Fig. 3. Timing diagram for SOSA, assuming  $V_{IN} < V_{INB}$ .



Fig. 4. Charge-sharing process in the voltage sampling phase.

Note that the maximum gain factors  $a_1$  and  $a_2$  of inverters should be larger than 1 in a balanced design. Hence, this twiceamplified voltage difference  $a_1a_2\Delta v$  can greatly reduce the setup time of the SOSA for establishing the positive feedback path through N3 and N12 in the amplifying phase. The footer N1 is always turned on by EN during the entire operation.

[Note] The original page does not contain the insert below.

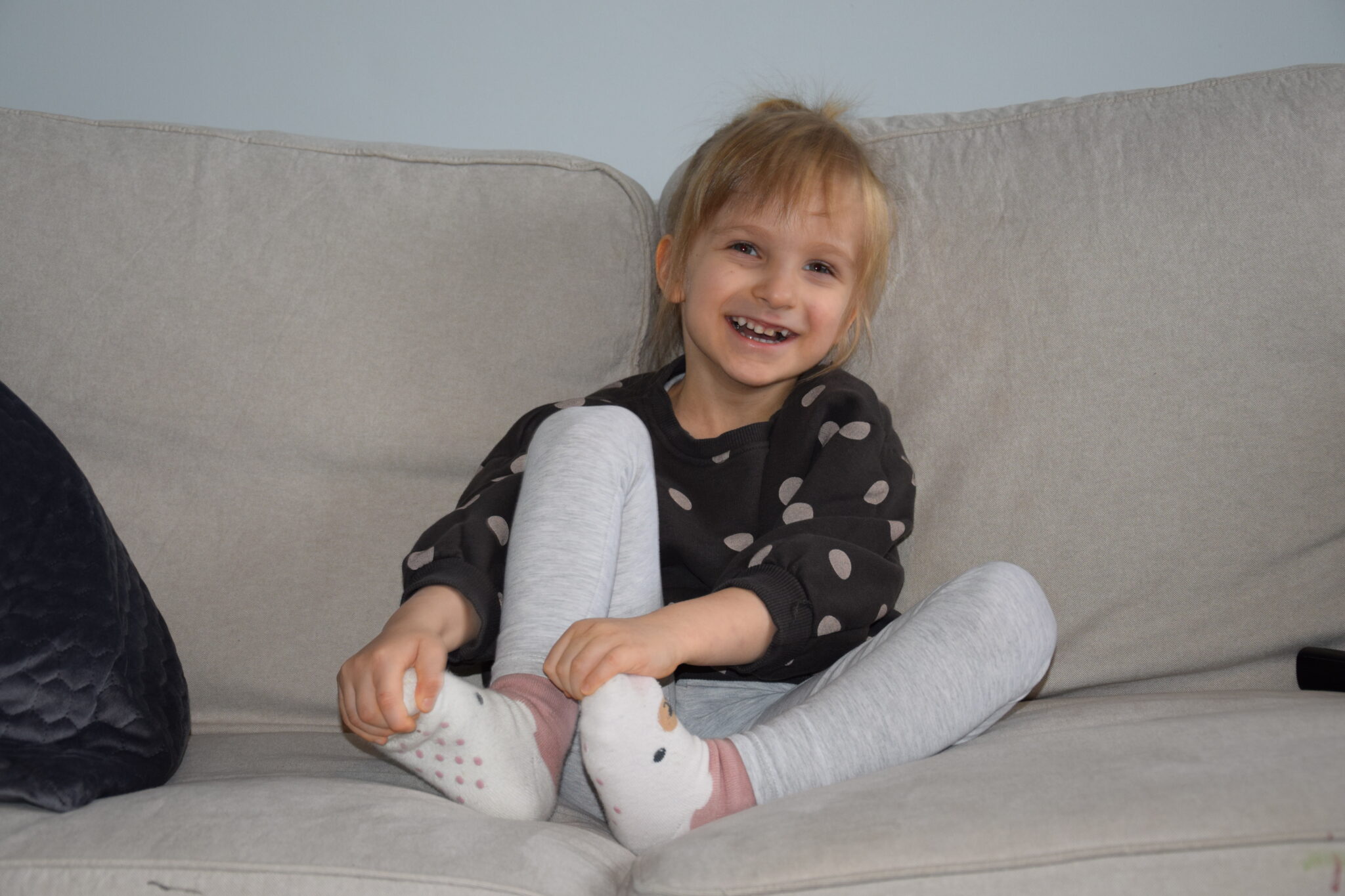 W wyniku zapalenia mózgu nasza córeczka przestała chodzić i mówić. Musiała się tego wszystkiego uczyć ponownie. Wystąpiła u niej również silna pląsawica. Do dnia dzisiejszego pozostał Lili niedowład, który doprowadził do początków skoliozy. Ataksja rdzeniowo-móżdżkowa, labilność emocjonalna i wada wymowy.

The prime advantage of SOSA is providing a very small  $V_{OS}$  across a wide voltage range. This is accomplished by the  $V_{OS}$ -storing and the input-coupling capacitors that make SOSA very sensitive to the input voltage change. Another advantage is that the delay of the precharge and sampling phases can be overlapped with the RBL precharge/discharge time when SOSA is integrated into 8T SRAM. The timing diagram collected from 1K Monte Carlo (MC) sweeps is shown in Fig. 3.

#### B. Design Tradeoffs

There are some design trade-offs in SOSA (all sizes of devices are listed in Fig. 2 (a)). Firstly, the switches should be in the minimum size to reduce the internal node capacitance. All other transistors are ultra-low threshold devices to enhance the sub-threshold operations of SOSA. The gate lengths of N10 and N11 are longer to reduce leakage. Secondly, the key transistors, N1, N4, N5, P6, and P7, determine the overall sensing speed and power dissipation. Therefore, we carefully balance their sizes in this design. Thirdly, the capacitance constraints of C<sub>MOM1</sub> and C<sub>MOM2</sub> need to be analyzed to make SOSA more robust. The transition from the precharge phase to the sampling phase is a charge-sharing process, shown in Fig. 4, with the initial state described as (assuming SA reads a "1")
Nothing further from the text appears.